The late-breaker, titled, “The novel glucocerebrosidase chaperone GT-02287 in development for GBA-PD is safe and well tolerated in healthy volunteers at oral doses that produce plasma exposures in the projected therapeutic range,” was presented on-site by Jonas Hannestad and included results from the Phase 1 study of GT-02287. The single and multiple dose levels tested were safe and generally well tolerated, with no serious adverse events or Grade 3 (severe) adverse events observed, and no other safety signals detected. The PK profile of GT-02287 was linear across the tested dose ranges, and plasma exposures at daily doses of 7.7 mg/kg and above were within the projected therapeutic range. GT-02287 was measurable in cerebrospinal fluid (CSF) at levels in line with rodent levels at effective doses, demonstrating CNS exposure. Notably, GCase activity in dried blood spots increased approximately 30% in subjects who received GT-02287 but not in those who received placebo, demonstrating target engagement and modulation of GCase enzyme. GCase activity continued to increase 12 hours post-dose at 14 days, the furthest time point analyzed in the study. These results support the continued development of GT-02287 and its potential as a disease-modify treatment for Parkinson’s disease.
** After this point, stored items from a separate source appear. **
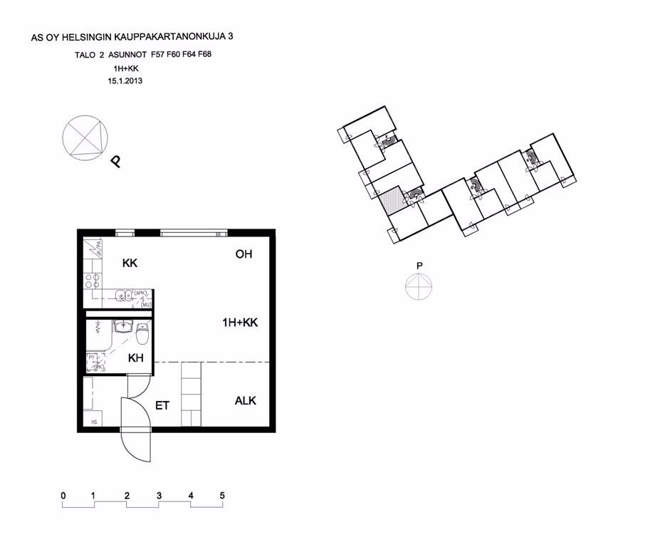 Keittokomeroon pieni ruokapöytä, alkoviin sänky, kylpyhuoneen seinälle TV-taso, pitkälle seinälle sohva, työpöytä vaikka ikkunaseinälle jne.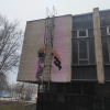 Граффити на стене здания с обратной стороны возле пожарной лестницы! Прошу убрать данную надпись.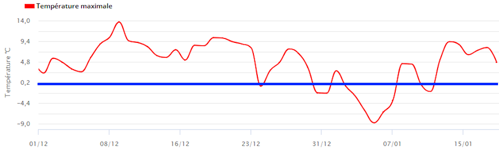 L’illustration ci-dessous résume à elle seule l’anomalie positive de température observée ici au Locle depuis le début de l’hiver météorologique.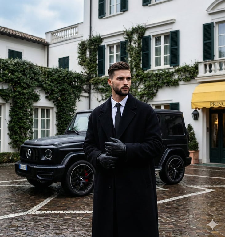 A highly structured prompt defining the composition, color profile, and lighting for a sophisticated, high-contrast editorial photograph. The scene features a subject in deep black attire and a black luxury SUV against a pure white architectural background, aiming for a moody, 'Old Money' aesthetic with detailed technical specifications.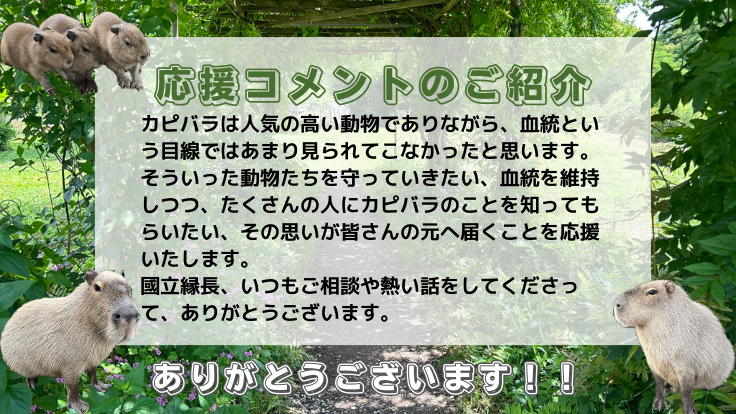 クラウドファンディングの振り返り、工事の詳細や見通し、現在のカピバラや他の動物たちの様子などのご報告を含む懇親会を私たち主催者と皆さんとで開きたいと思います。
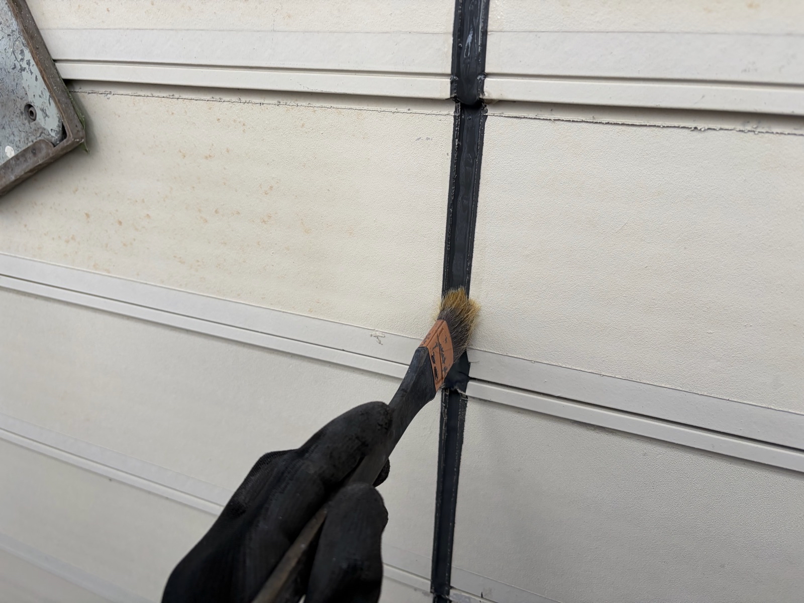 これはシーリング部割れ防止剤塗布と外壁下塗りです。
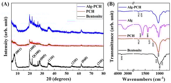 (A) Powder X-ray diffraction patterns of bentonite, PCH, and Alg-PCH (Q; quartz) and (B) FT-IR spectra of bentonite, PCH, alginate, and Alg-PCH.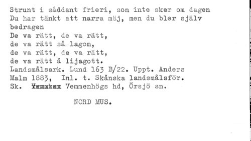 //// Strunt i såd&ant frieri, som inte sker om dagen Du har tänkt att narra maj, men du bler själv bedragen //// De va rätt, de va rätt, //// de va rätt så lagom, ! //// de va rätt, de va rätt, I //// de va rätt å lijagott. 1 //// Landsmålsark. Lund 163 B/22. Uppt# Anders Malm 1883» Inl. t. Skånska landsmålsför* 1 //// Sk. Sssttränu Vemmenhögs hd, örsjö sn. : //// NORD MUS. j ////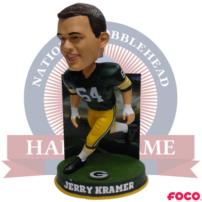 This bobblehead features Jerry Kramer. Jerry has been called the "Best Player Not in the Hall of Fame". It was produced exclusively for the National Bobblehead Hall of Fame and Museum and is officially licensed by the Green Bay Packers and the NFL.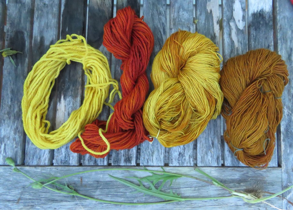 L to R – Licorice Twist yarn with dandelion dye, same with ammonia modifier, two skeins of Euro 6-ply sock yarn with dandelion dye.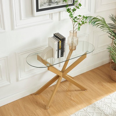 Sapphtopaz Modern Glass Console Table with Tempered Glass Top Sofa Table with Cross Metal Base Rectangle Entryway Table for Living Room,Hallway,Golden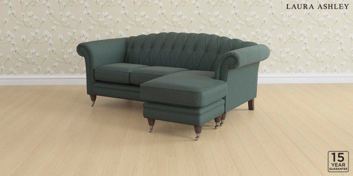 6.12.1 Buy Gloucester Button Back by Laura Ashley Medium Sofa Chaise - Universal Wooton Forest Green Low Chrome Castor - Chestnut from the Next UK online shop Click here to use our accessible website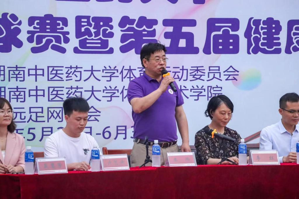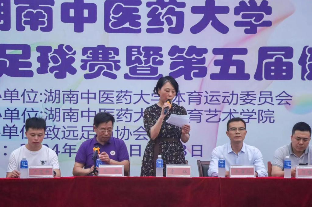 2024年5月20日下午,由万象城allwincity官网体育运动委员会主办的万象城第十七届“湘杏杯”足球赛暨第五届“健康活力”大赛在含浦校区体育场拉开序幕。药学院院长王炜、学生工作部副部长王召亿、万象城allwincity官网党总支书记李红、副院长龙专以及各学院分管学生工作的副书记出席开幕式。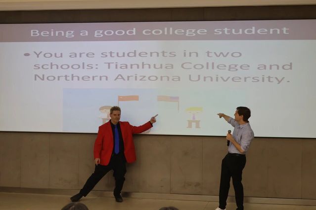 本次讲座由北亚利桑那学院党总支书记朱可、小学教育(中外合作办学)专业主任柴豪頔老师,以及外籍专家Dr. Scott和Dr. Luther共同主讲。朱可老师强调了中外合作办学项目意义,对新学期教学提出期望,并鼓励学生提升素养。柴豪頔老师全面介绍小学教育中外合作办学专业情况,阐释培养模式与特色,为学生学习发展指明方向。外教学术规范培训中,Dr. Scott与Dr. Luther以互动形式讲解学术要求与注意事项,助学生掌握要点。

A PDF of the poster presented at the International Congress of Parkinson’s Disease and Movement Disorders is available on the Science and Technology section of the Company’s website at https://gaintherapeutics.com/science-and-technology/posters.
Webinar Details
Gain Therapeutics will host a webinar on Monday, September 30 at 8:30 AM ET to review results presented at the International Congress of Parkinson’s Disease and Movement Disorders. To register, please click here: https://lifescievents.com/event/gaintherapeutics/
About GT-02287 Gain Therapeutics’ lead drug candidate, GT-02287, is in clinical development for the treatment of Parkinson’s disease with or without a GBA1 mutation. The orally administered, brain-penetrant small molecule is an allosteric protein modulator that restores the function of the lysosomal protein enzyme glucocerebrosidase (GCase) which becomes misfolded and impaired due to mutations in the GBA1 gene, the most common genetic abnormality associated with PD, or other age-related stress factors. In preclinical models of PD, GT-02287 restored GCase enzymatic function, reduced aggregated α-synuclein, neuroinflammation and neuronal death, and improved motor function and cognitive performance. Additionally, GT-02287 significantly reduced plasma neurofilament light chain (NfL) levels, an emerging biomarker for neurodegeneration.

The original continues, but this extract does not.